> WORK INSTRUCTION
Leave out the pictures, and print exactly the lines from the one holding "香深からはノースライナーとい" through the last line of the material.

[Opening DATASET SECTION section]

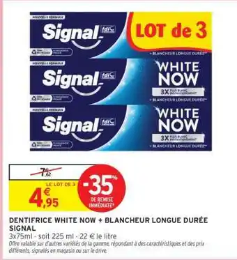 En plus de l'offre DENTIFRICE WHITE NOW + BLANCHEUR LONGUE DURÉE SIGNAL, Intermarché propose une large gamme de produits. Consultez le Catalogue Intermarché hebdomadaire pour découvrir les meilleures offres et promotions. En plus de DENTIFRICE WHITE NOW + BLANCHEUR LONGUE DURÉE SIGNAL, il y a aussi : Signal dentifrice white now 3en1, Signal - dentifrice white now 3en1 & Dentifrice signal white now 3en1.
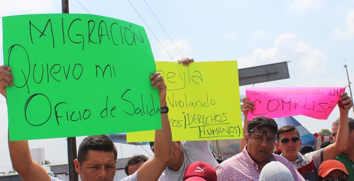 Este grupo de personas, con los representantes jurídicos, pegaron las cartulinas sobre las vallas metálicas que sirven de protección de la estación migratoria, en las que demandaron al gobierno les entrega los oficios de salida Al grito de “Queremos oficios de salida, queremos oficios de salida”, los migrantes advirtieron que seguirán pidiendo sus papeles para salir de esta ciudad fronteriza con Guatemala y en la que han pasado meses varados.
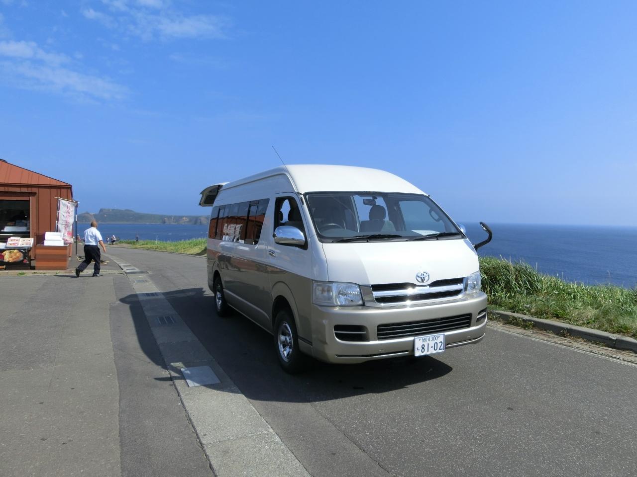 香深からはノースライナーというワゴンが迎えに来ており、スコトン岬まで送ってくれます。約30分の距離です。路線バスもあるのですが、宿泊者用の無料サービスで便利です。
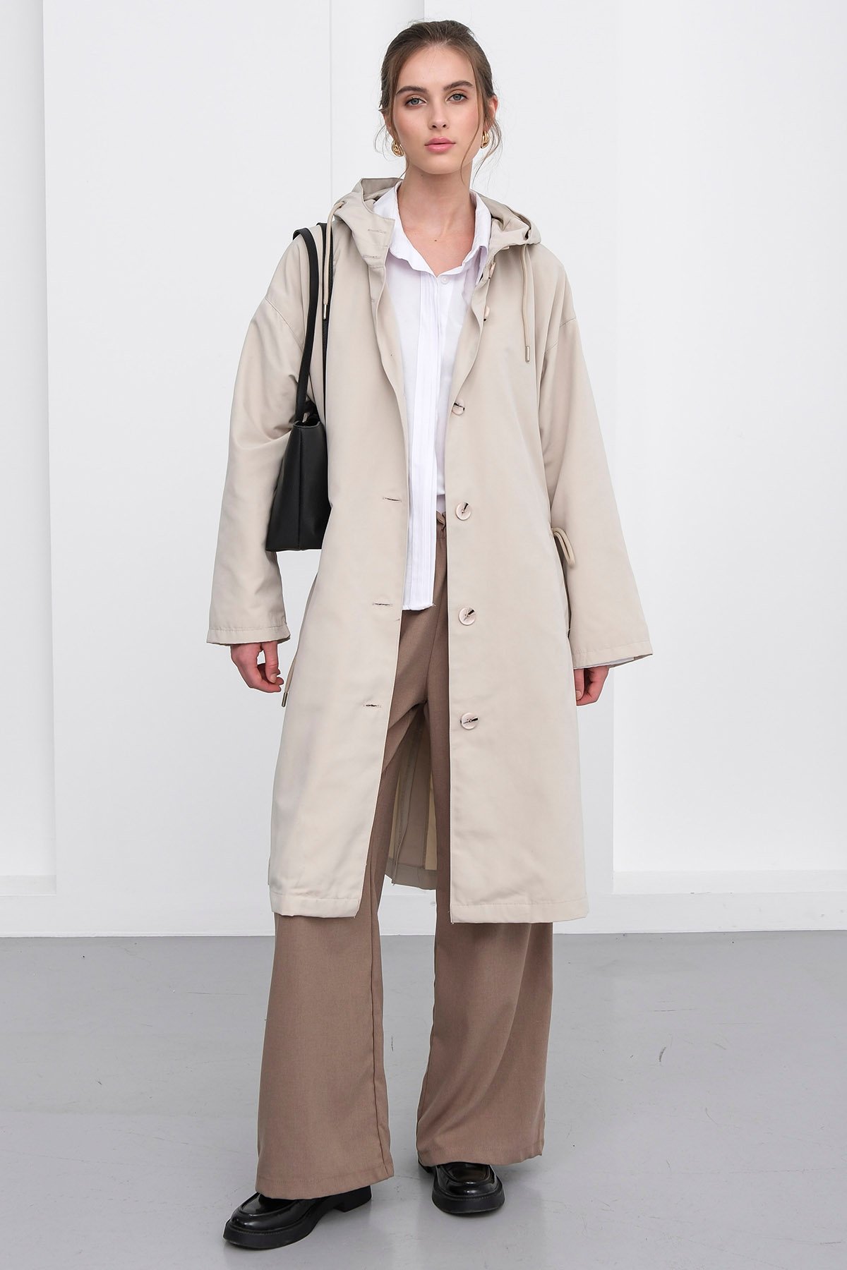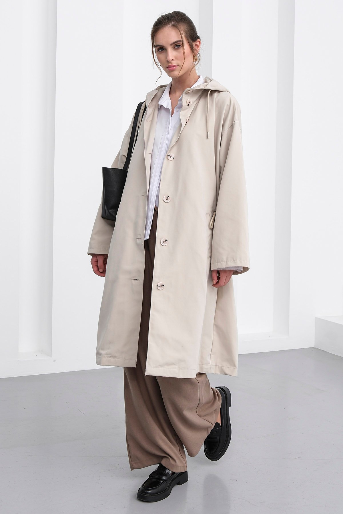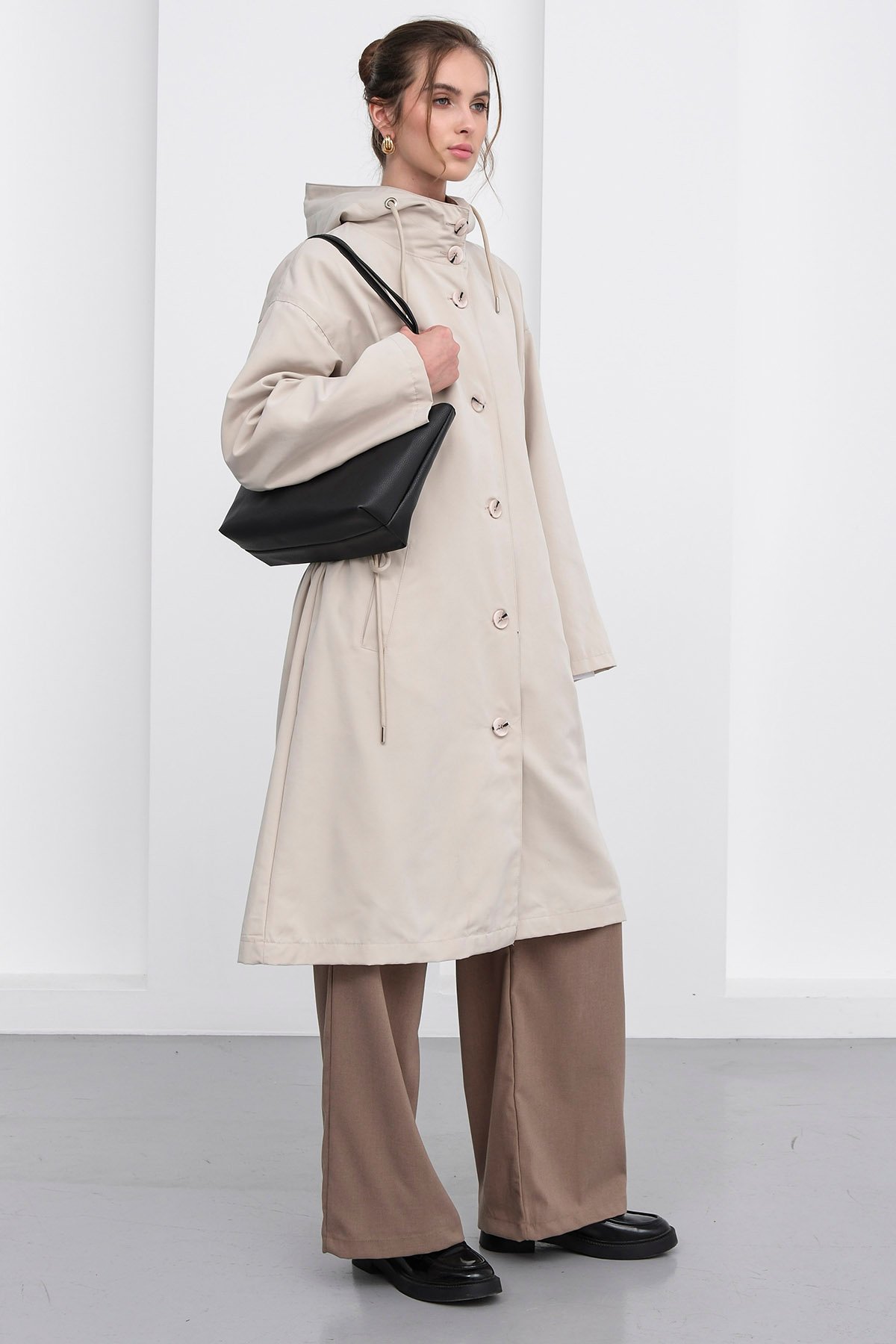 Çift Cepli Kapüşonlu Düğme Kapamalı Trençkot;Stüdyo Çekimlerinde Renkler Işık Farklılığından Dolayı Değişiklik Gösterebilir.;Model Ölçüler: Boy: 1.67 Cm Göğüs: 75 Cm Bel: 62 Cm Kalça: 80 Cm Kilo: 45 Cm S/36/1 Beden

[Closing DATASET SECTION section]

> SOLUTION FOR THIS TASK
 香深からはノースライナーというワゴンが迎えに来ており、スコトン岬まで送ってくれます。約30分の距離です。路線バスもあるのですが、宿泊者用の無料サービスで便利です。
 Çift Cepli Kapüşonlu Düğme Kapamalı Trençkot;Stüdyo Çekimlerinde Renkler Işık Farklılığından Dolayı Değişiklik Gösterebilir.;Model Ölçüler: Boy: 1.67 Cm Göğüs: 75 Cm Bel: 62 Cm Kalça: 80 Cm Kilo: 45 Cm S/36/1 Beden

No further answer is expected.